Georgia Legislature Considering 1.45% Tax on ASC, Hospital Revenue

The appropriations committee of the Georgia House of Representatives has approved a bill (H.B. 307) that would levy a provider fee of 1.45 percent on ASC and hospital net revenues.

The 1.45 percent provider fee was proposed by the Georgia Hospital Association as a way to avoid Medicaid reimbursement cuts contained within the state's proposed budget. Georgia Governor Sunny Perdue had originally proposed a 1.6 percent provider tax on hospitals, which the GHA opposed. State lawmakers, siding with hospitals, said they would not support such a fee, and, as a result, the budget was updated to include a 10.25 percent Medicaid payment cut and the elimination of a sales tax exemption for non-profit hospitals. These measures were estimated to cost hospitals in the state $274 million, according to a report by the Atlanta Business Journal. 

In order to avoid such cuts, the GHA cut a back-room deal with the governor's office that would assess a 1.45 percent provider fee on all ASCs and hospitals in the state, excluding critical access, psychiatric and state-owned facilities. The fee is expected to raise $175 million, which will be deposited in the state's Indigent Care Trust Fund and will be used to obtain additional federal funding for Medicaid that would then be distributed back to providers.

The GHA said, in a letter to hospital executives (pdf), that the proposal "will preserve our hospitals' ability to continue providing for the health needs of patients in the future, while meeting the state's budget requirements." The provider fee, effective July 1, will expire after three years and be capped at 1.45 percent during that time, according to the GHA.
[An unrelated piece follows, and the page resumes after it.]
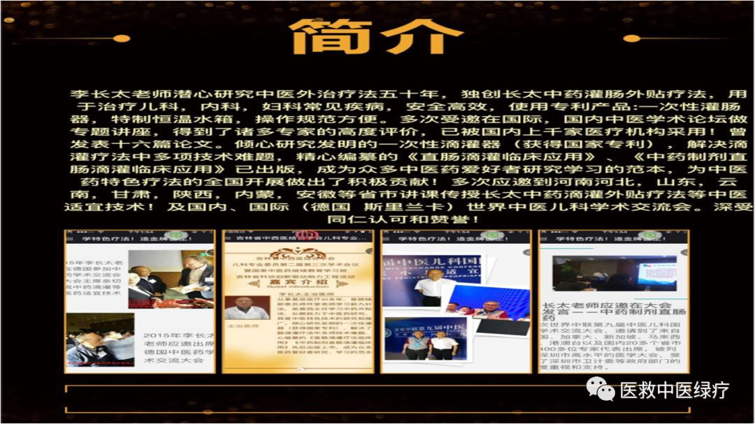 长太中药滴灌特色疗法培训班常年招生!培训内容国家政策支持!发展弘扬长太中医滴灌绿色疗法技术!长太门诊培训的优势:我们一直走在中医适宜技术行列最前端!我们有自己的专利产品一次性滴灌器,创造自己的长太品牌!我们的培训老师多次应邀在国际,国内会议论坛讲解长太中药滴灌外贴疗法!省市级多家医院采用长太中药滴灌疗法!!李长太老师编写的《直肠滴灌临床应用》以及《中药制剂滴灌临床应用》两本著作发行畅销,成为众多中医爱好者研究学习的范本!!有自己的专业网站!培训8年以来各地的学员分布万名以上!有丰富的教学和指导经验!专业的培训师资力量和后续服务团队对学员做技术指导!自己的个体门诊患者量每天排队给学员提供操作实践的机会,学员熟练操作完善掌握!!建立的专属学员QQ 群,微信群后期做在线指导!所有的技术配方公开不保留,传授基层医生开展受益降低医疗风险的实用技术!!各地已经开始禁止🚫输液!医疗风险存在医护担惊受怕!欢迎各地想要转型的医生加入我们的大家庭!合作共赢共创辉煌!,转型升级必然趋势——联系电话️ 13733846733吴梦瑶

ASC advocates in the state, however, are angered by thee last-minute inclusion of surgery centers in the proposal.

"The GHA included the same tax on ASCs, but the ASC Society and its members were not invited to the negotiations or involved in the proposal," says Victor L. Moldovan, a partner with McGuireWoods who represents the Georgia Society of Ambulatory Surgery Centers. "The Governor's Office and House Committee Chair were told all interested parties were at the table and agreed to it, but the ASCs were not aware they had been included until HB 307 was introduced and it passed out of Committee."

Sid Moore, MD, the legislative director for the Georgia Society of ASCs, adds, "ASCs already provide the highest quality care at substantial discounts to hospitals. They also provide care to many charity patients. It is unreasonable to burden them with another tax or treat them like hospitals."